Noteworthy is the use of a design inspired by MAR for image generation, which NOVA extends into the video space without transitioning to discrete token representations. This enables NOVA to maintain a continuous input representation akin to image diffusion models but with the added benefit of autoregressive context handling.

Performance and Results

NOVA is described to surpass existing autoregressive video models in data efficiency, inference speed, visual quality, and video fluency, despite its relatively smaller model size of 0.6 billion parameters. Numerically, the model yields a VBench score of 80.1 and a processing speed of 2.75 frames per second when assessed using powerful hardware configurations (an NVIDIA A100 GPU). This demonstrates its practical viability in high-performance contexts, especially for text-to-image tasks where it reportedly outperforms even diffusion-based contemporaries when evaluated by the GenEval metric.

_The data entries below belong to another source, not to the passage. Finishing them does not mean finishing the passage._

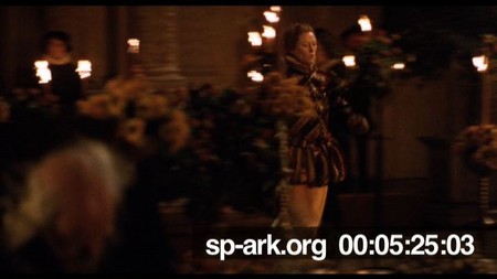 Description Orlando running into Great Hall, taking bowl of rosewater and holding it out to Queen Elizabeth.
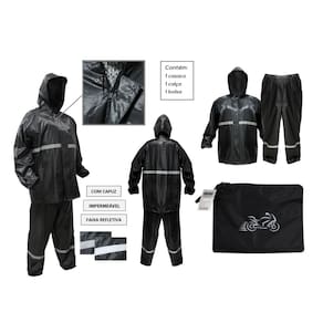 Conjunto Capa de Chuva Motoqueiro Impermeável com Gola e Faixa Refletiva – Masculino
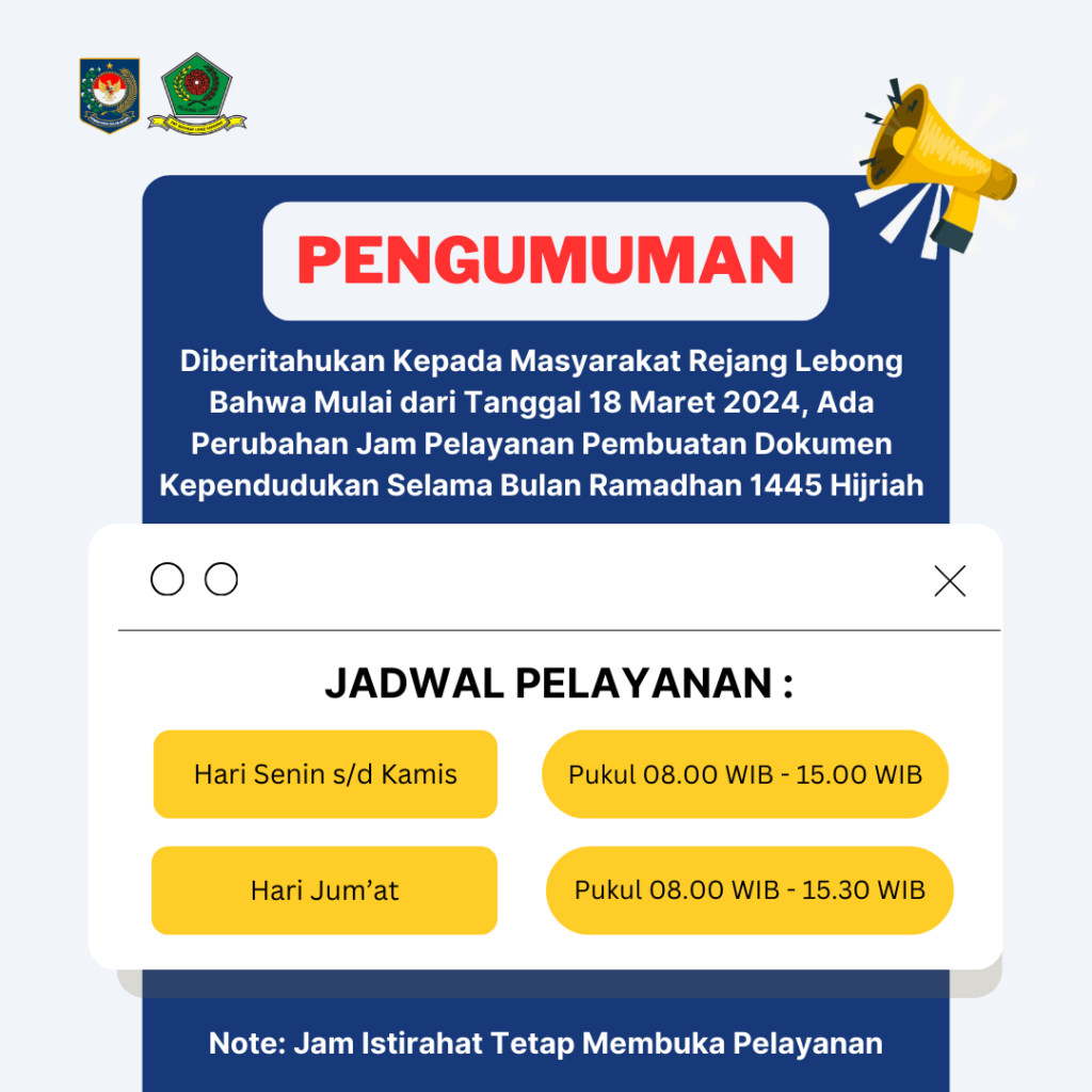 Diberitahukan kepada Masyarakat Rejang Lebong Bahwa Mulai dari tanggal 18 Maret 2024 Pelayanan Pembuatan Dokumen Kependudukan selama bulan Ramadhan 1445 Hijriah sbb:

Implications and Future Directions

The implications of this research are vast for the field of computer vision's intersection with AI. The novel autoregressive sequence construction eschewing vector quantization signifies a potential shift towards models that can offer both high fidelity and computational efficiency without the trade-off typically involved in quantization. This approach reflects a path forward for AI models dealing with generative tasks across diverse media types.

Practically, the model offers the promise of efficient video generation capabilities scaling not only in quality but in adaptability, enhancing tasks ranging from real-time video synthesis to extended duration outputs thereby affecting domains like film, virtual reality, and real-time graphics in interactive applications.

Theoretically, NOVA contributes to discussions about the foundational architectures underpinning generative AI, suggesting that advances in the autoregressive paradigm may continue to offer meaningful improvements over diffusion models, especially when broadened from text to incorporate rich, spatially and temporally dynamic datasets. Future developments will likely focus on further model optimizations and enhancements based on these new autoregressive paradigms, potentially exploring larger datasets and further scaling model size to fully harness the in-context abilities demonstrated by NOVA.

In conclusion, NOVA models an important step toward more efficient and effective autoregressive video generation, potentially setting a benchmark for future research marrying high-fidelity output with computational efficiency.